■ **Your assignment**: For this task, extract exactly the lines of the data below, from the line containing "bust front portrait" through the last one, with pictures left out.

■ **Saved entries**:
# # # # # # #

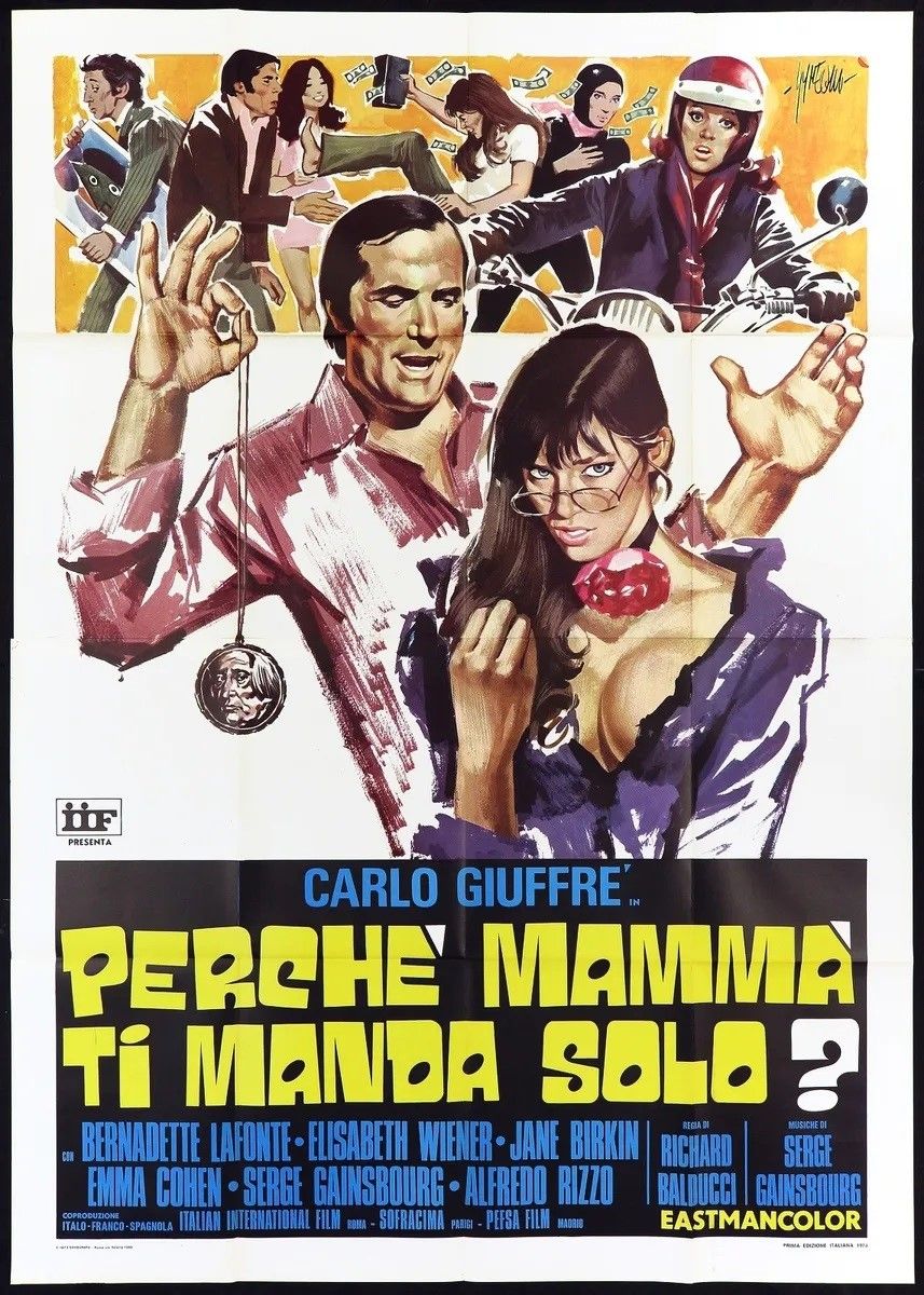1973 Bozzetto originale realizzato da Symeoni per la locandina ufficiale del film Perché mamma ti manda solo?, diretto da Richard Balducci con Jane Birkin e Serge Gainsbourg nel 1973. Firmato.
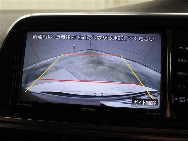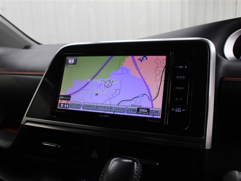 安全を考慮し、視線移動の少ない位置にセットされたイクリプスのSDナビ!CD、DVDビデオ、フルセグTVに対応しています。
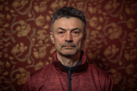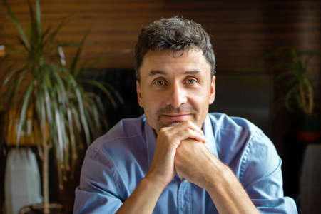 bust front portrait of middle aged man in blue t shirt isolated against grey background and looking
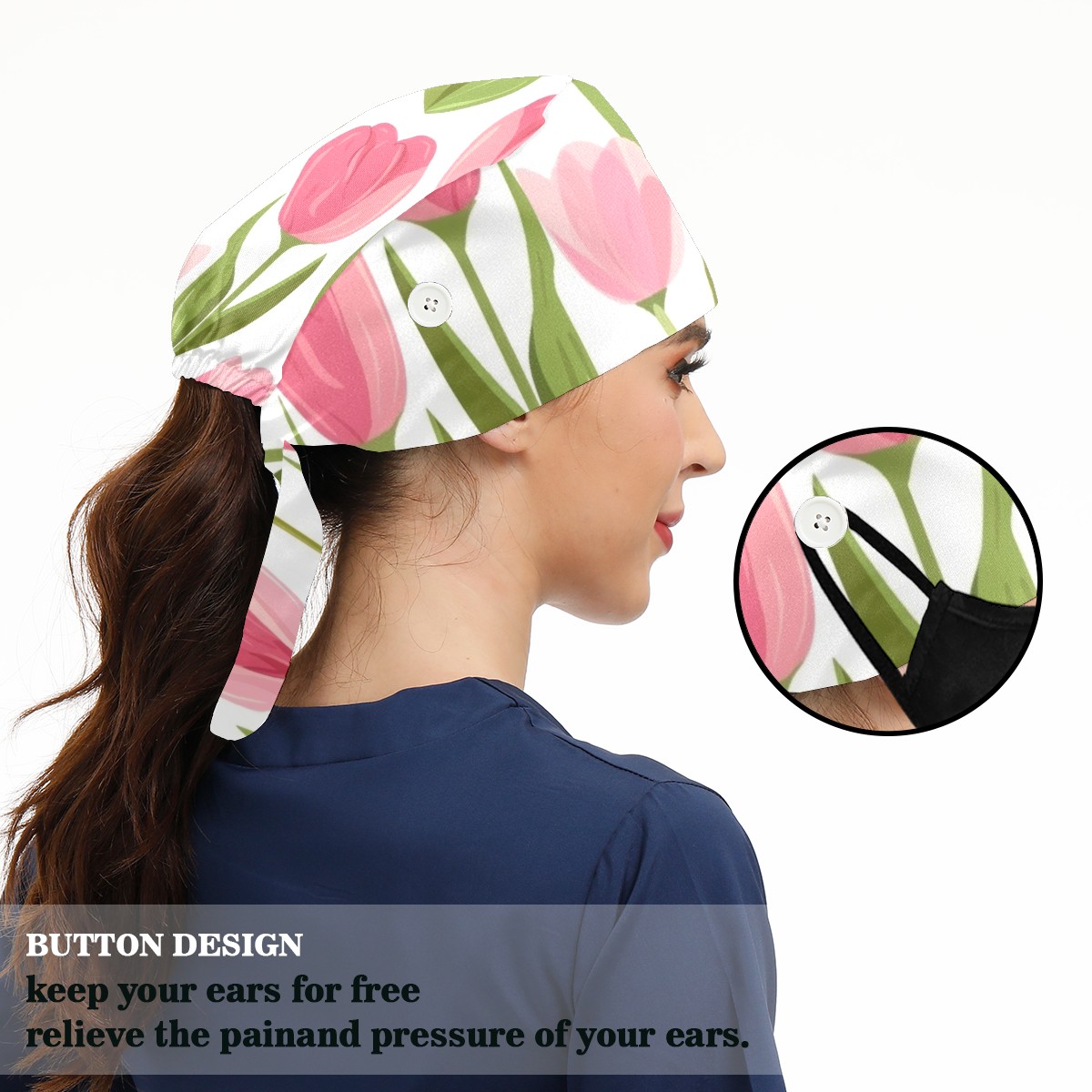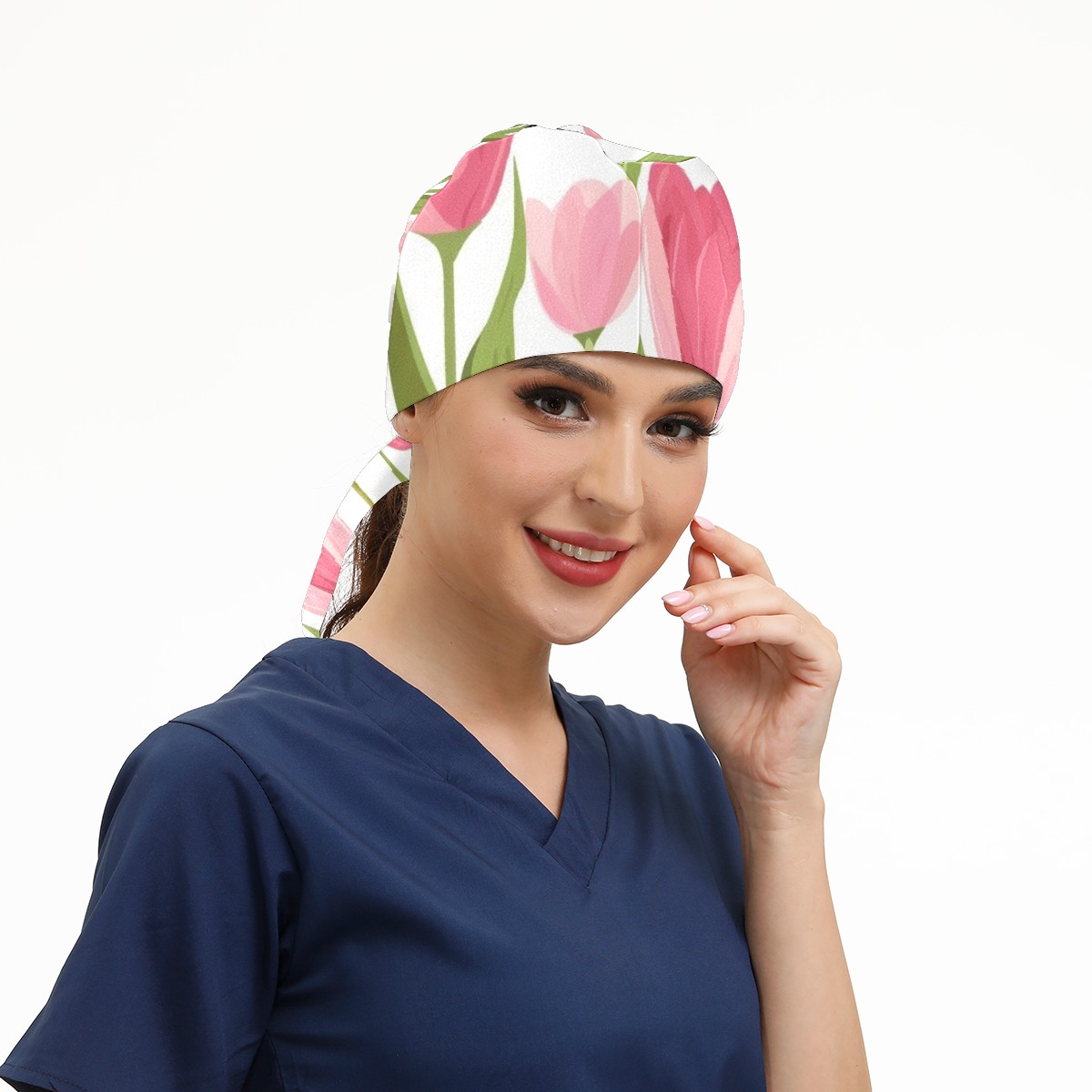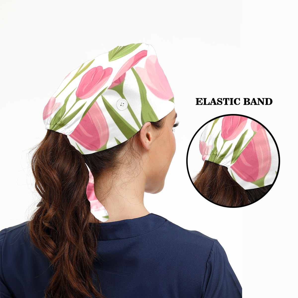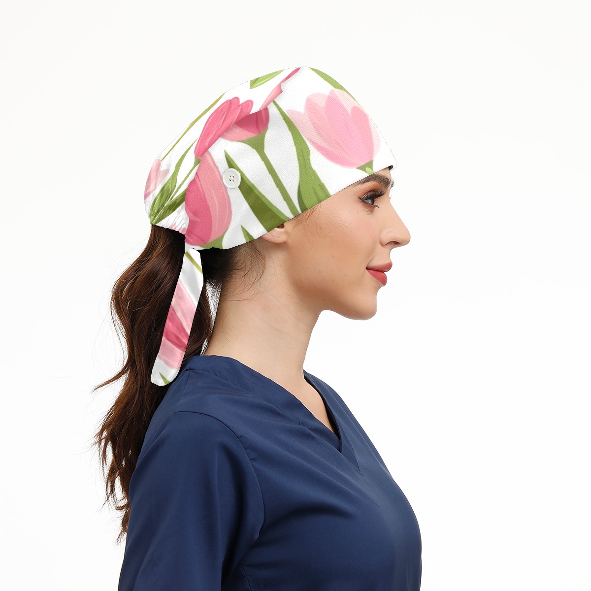 Working Caps with Button & Sweatband Satin Lined Cotton Adjustable Nurse Hats Elastic Band Scrub Cap Surgeon Hat Flower Tulip
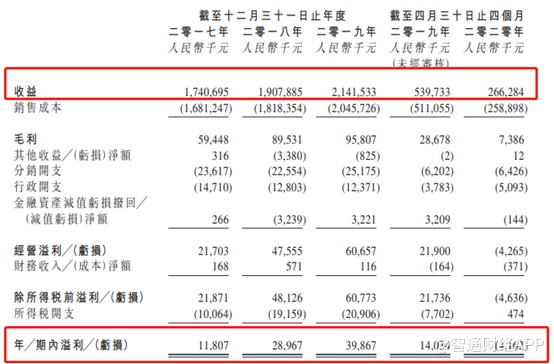 业绩更是出现“急刹车”。智通财经APP观察到,截至2019年12月31日止三个年度及截至2020年4月30日止四个月,公司总收益分别为17.41亿元、19.08亿元、21.42亿元及2.66亿元。截至2019年12月31日止三个年度,年/期內全面收入为1180.7万元、2896.7万元及3986.7万元,截至2020年4月30日止四个月,年/期內全面亏损416.2万元。
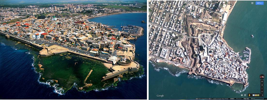 Wikipedia の Acre (Israël) 2012 より。右は Google Map 2014.12 より

# # # # # # #

■ **Solution to this exercise**:
 bust front portrait of middle aged man in blue t shirt isolated against grey background and looking
 Working Caps with Button & Sweatband Satin Lined Cotton Adjustable Nurse Hats Elastic Band Scrub Cap Surgeon Hat Flower Tulip
 业绩更是出现“急刹车”。智通财经APP观察到,截至2019年12月31日止三个年度及截至2020年4月30日止四个月,公司总收益分别为17.41亿元、19.08亿元、21.42亿元及2.66亿元。截至2019年12月31日止三个年度,年/期內全面收入为1180.7万元、2896.7万元及3986.7万元,截至2020年4月30日止四个月,年/期內全面亏损416.2万元。
 Wikipedia の Acre (Israël) 2012 より。右は Google Map 2014.12 より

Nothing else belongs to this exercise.